It was only in the 1980s that science and practice recognized the importance of resistance for environmentally friendly cultivation. As a result, cross breeding and cultivation in pioneering companies increased again with special permits. Switzerland's mandatory list of grape varieties initially prevented free cultivation, which was only legitimized in 1995 by abolishing this list. Today, the goal of creating the most natural vineyard possible using resistant grape varieties is open to every Swiss winemaker. This is important for vineyards where thunderstorms and nighttime dew formations cause the infection pressure of the downy mildew to be very high and make short intervals between the frequent treatments not only necessary in organic winegrowing. This allows a high contribution to the reduction of pollution of soil, air, environment, flora, fauna, winegrowers and the climate.
A new terrifying statement on insect decline and bird death in Germany.
If you are still looking for arguments for growing PIWI grape varieties, you will find them on pages 21, 24 and 25. In the opinion, fungus-resistant varieties are presented as the basis for a new integrated crop protection in agriculture:
6.4 Promotion of integrated crop protection processes including the availability, cultivation and market launch of resistant varieties
Integrated plant protection (IPS) measures rely primarily on a variety of methods used to control harmful organisms, such as: B. use of mechanical methods for weed control, use of crop rotation effects, or the cultivation of less susceptible or resistant varieties and adaptation of sowing times to the location.
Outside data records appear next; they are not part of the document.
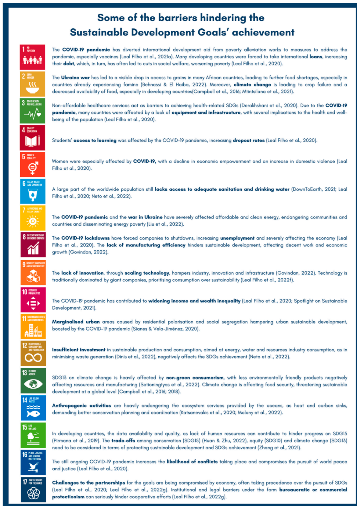
Fig. 4. Barriers opposing the Sustainable Development Goals' achievement.
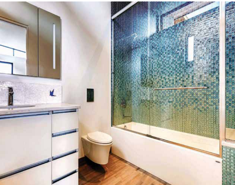
Top: The exterior material palette includes board-form concrete, Douglas fir and stucco for a distinctly Colorado contemporary feel.
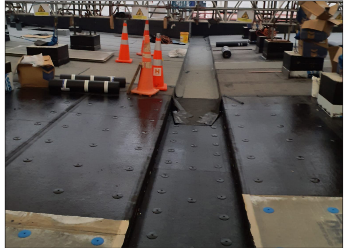
Roof board mechanically fastened with primer applied on top
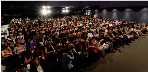
Opening of the Indian Film Festival

This year the 16th Indian Film Festival took place from 17th until 21st of July. With more than 40 short, feature, animated and documentary films from all over India, visitors of the film festival could look forward to a varied and exciting program.
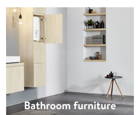
The device is hidden but always easily accessible and controllable via app or radio remote control
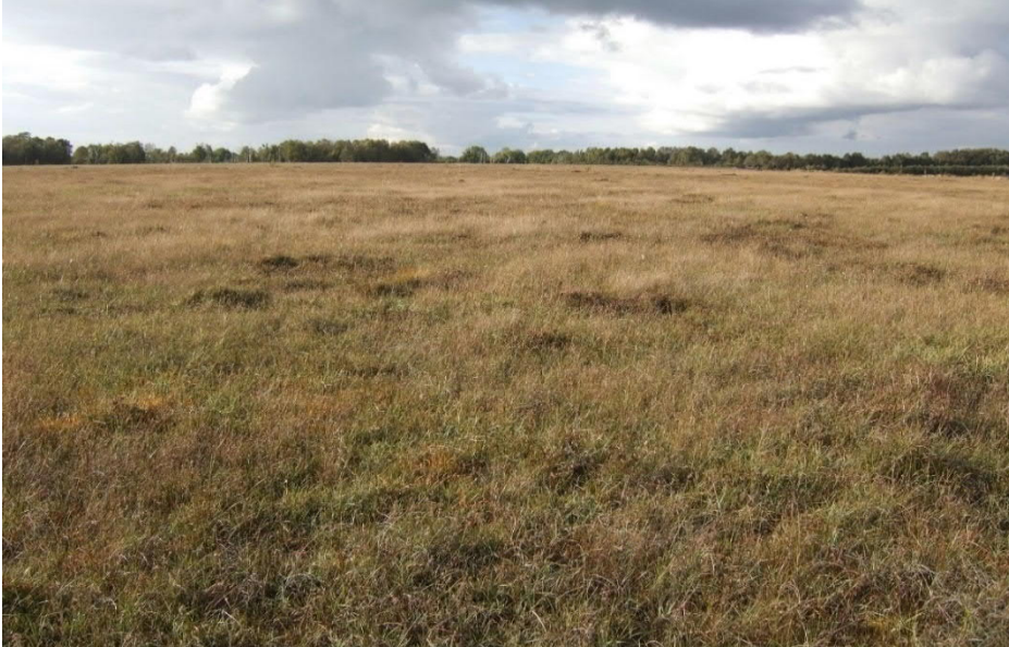
Figure 53: View of southern part of high bog in northeast sector of survey area. This area of bog is partly within the River Shannon Callows SAC and the Middle Shannon Callows SPA. Looking north-eastwards over high bog
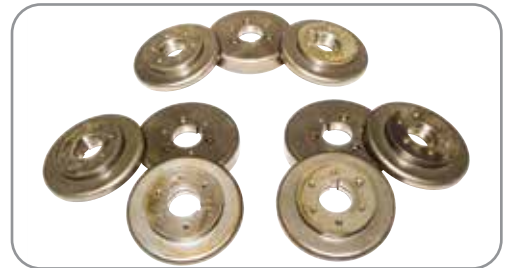
Universal Tooling Set Included for Multiple Profiles
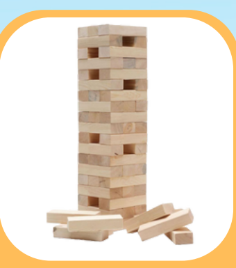
Giant Jenga $50
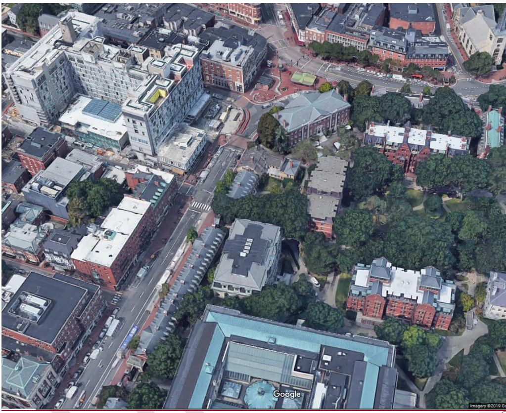
Subdistrict A: Harvard Square/Massachusetts Avenue

<u>Harvard Square subdistrict</u> Formatted: Font: 10 pt
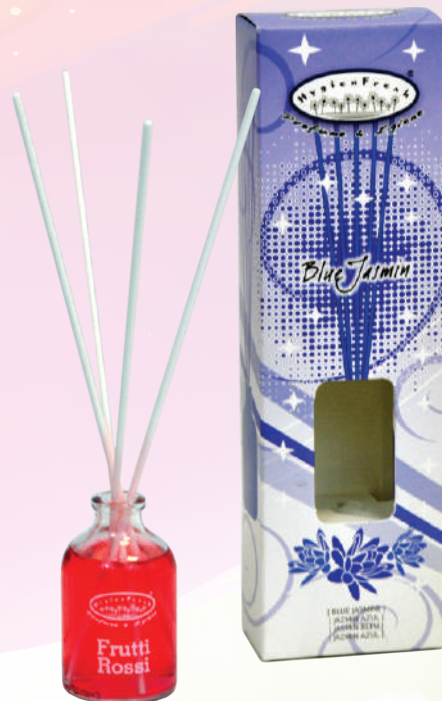
Blue Jasmin A80-096UV
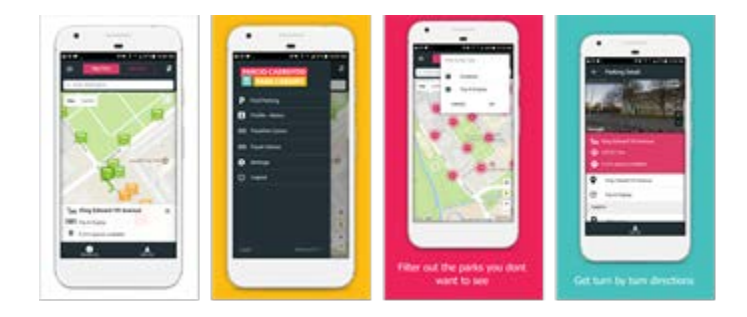
Illustration: Smart Parking Ltd.

mobile application (app) via iPhone or Android devices for customers to view a current picture of
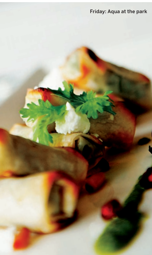
Friday: Aqua at the park
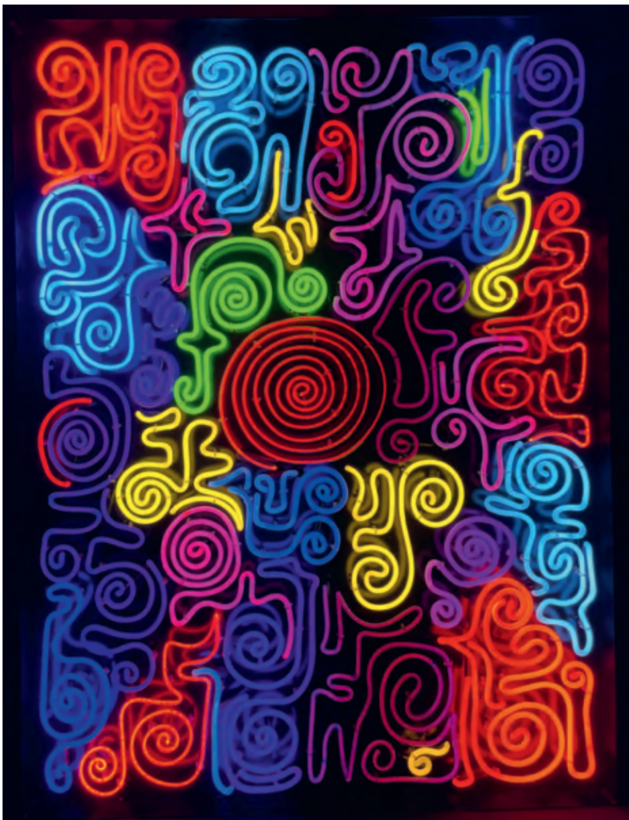
5. Harvesting Dreams And Fireflies With My Brother , 2020 Neon tubing, acrylic, cabinet, and 6ft power cord, 72 × 54 × 10 in. (183 × 137 × 25.4 cm)
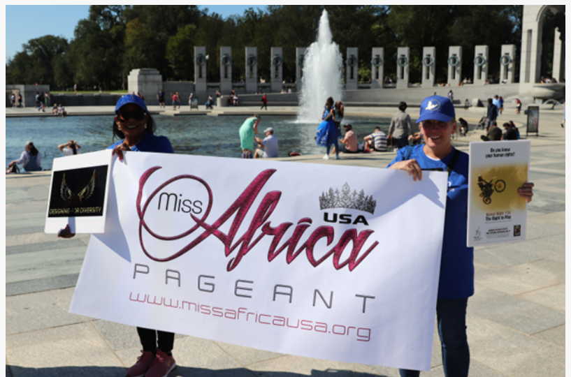
Miss Africa USA at the World War II Memorial promoting human rights

Youth for Human Rights International (YHRI) is a nonprofit organization with chapters around the
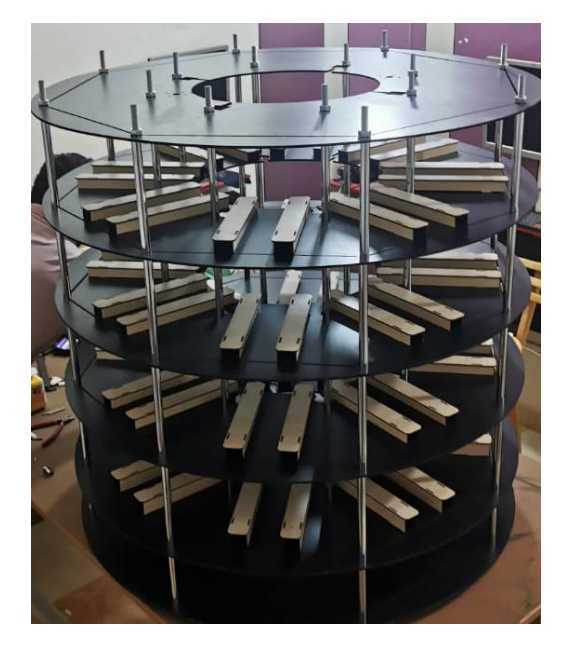
Fig.2 implementation on ground

5<sup>th</sup> IUGRC International Undergraduate Research Conference, Military Technical College, Cairo, Egypt, Aug 9<sup>th</sup> – Aug 12<sup>st</sup>, 2021.
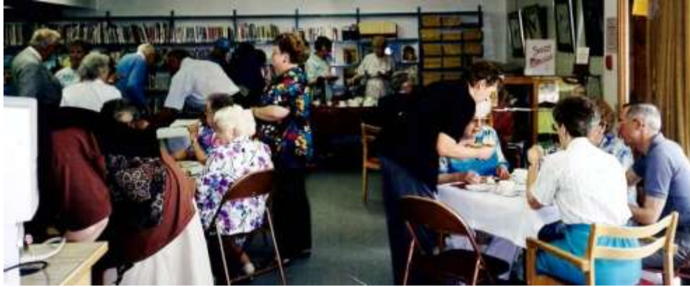
40 th Anniversary Tea
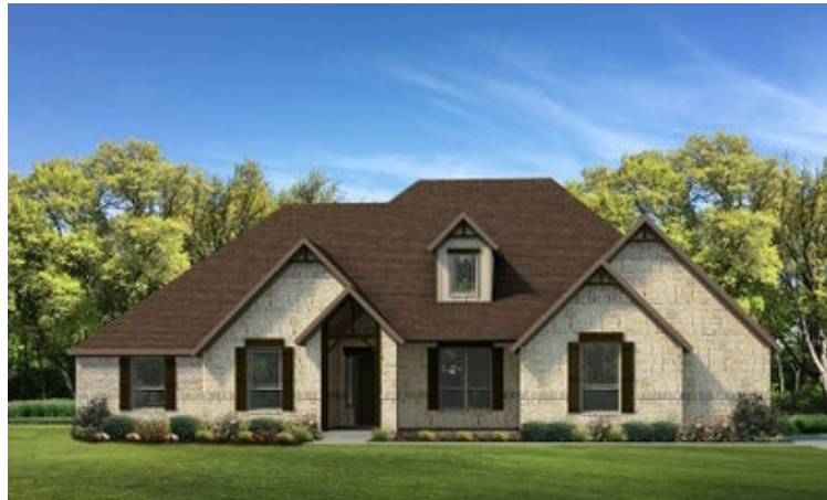
Elevation B - The La Salle
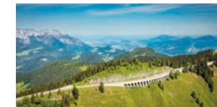
Rossfeld Panoramic Road
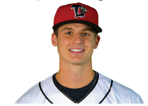
4-seam fastball, curve, sweeper, change

International Stage: With lowa, took part in the 2017 World University Games in Taipei City, winning a silver medal (fell to Japan in the gold medal contest)... part of the first American team to ever advance to the gold medal game as well as the first American team to ever medal, period... team finished 5-2, losing only to Japan... started five games, four at first base, one at pitcher.
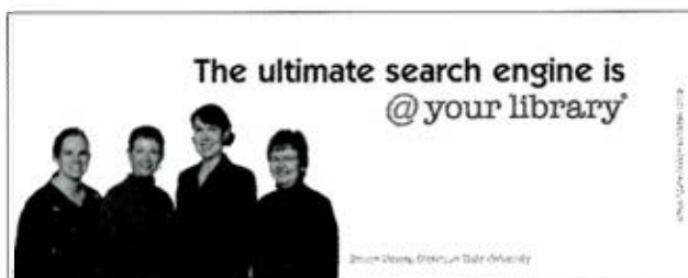
Ultimate Search Engine poster, © ALA Graphics, all rights reserved

Information about customizing your own "The Ultimate Search Engine is @ your library" or "Read" posters and bookmarks is available online at www.alastore.ala.org (click on "Customization"), or call John Chrastka at ALA graphics: (800) 545-2433, ext. 4027. ■
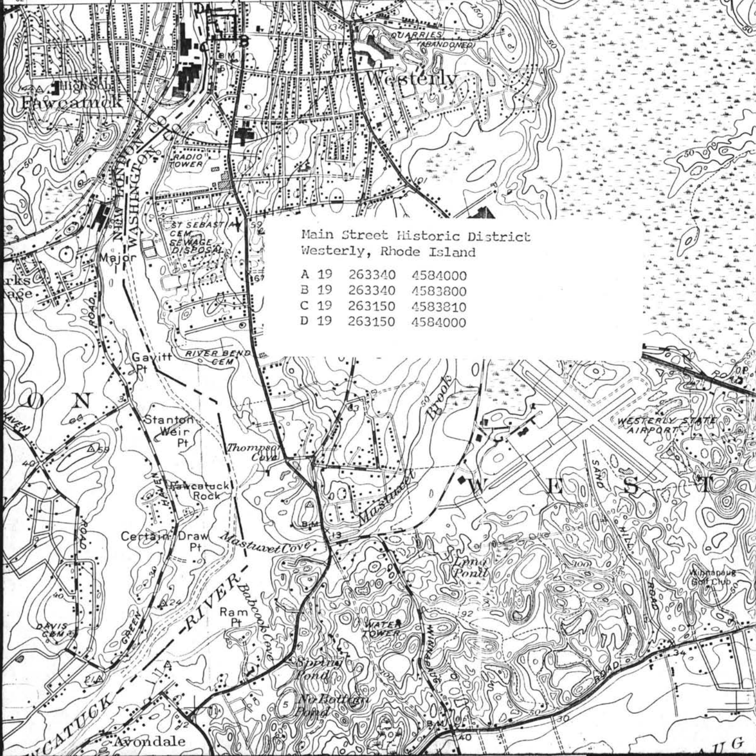
Main Street Historic District Westerly, Rhode Island
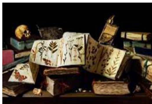
Robyn Stacey "Leidenmaster 1" 2003 From The Collector's Nature. Type C Print 96 x 150 cm Stills Gallery Sydney
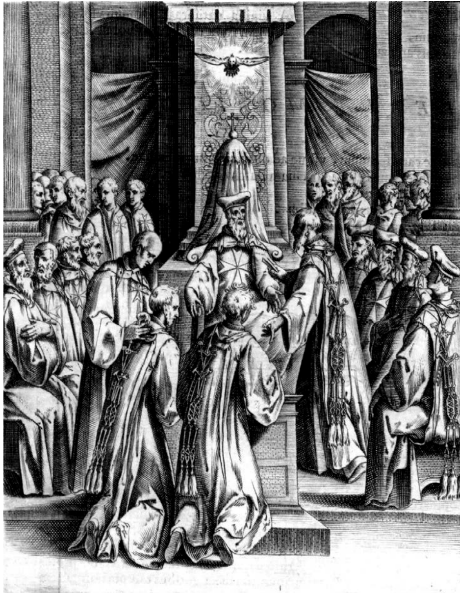
Figure 4. 'On the Expulsion of Brothers', 1588, engraving, 18x14cm. Statuta Hospitalis Hierusalem , 90.

While images such as these in the Verdalle Statuta represented an ideal vision of Hospitaller identity, including masculinity, they were rituals that Hospitallers really did experience as participants and as spectators. The ranks of the Order were about structuring distinctions between men within a male world that rarely made any reference to women; these were imbued by, and supported a hierarchical and patriarchal

Such measures should be the first choice, but they are not used sufficiently for various reasons. It can be assumed that the use of chemical pesticides is often preferred to alternative methods because they are easy to use and inexpensive and represent conventional practice. We therefore recommend that farmers' training and advice be geared even more strongly towards integrated crop protection than before.
Life cycle assessment of Swiss wine from ÖLN and organic production
Study by Sarah Wettstein, Matthias Stucki, Matthias Meier, Peter Schumacher, Jürg Buchli on behalf of the Federal Office for the Environment (FOEN)
In addition to animal foods, the consumption of alcohol and other luxury foods contributes significantly to the environmental impact of nutrition. In 2014, with 35 liters per capita and year after beer, wine was the most consumed alcoholic beverage. The management of vineyards is associated with a high consumption of resources and energy, as well as with production-related emissions to the air, soil and water. Emissions were reduced with the introduction of integrated production (IP). Organic production goes one step further by banning chemical-synthetic pesticides and increasing the cultivation of fungi-resistant (PIWI) varieties.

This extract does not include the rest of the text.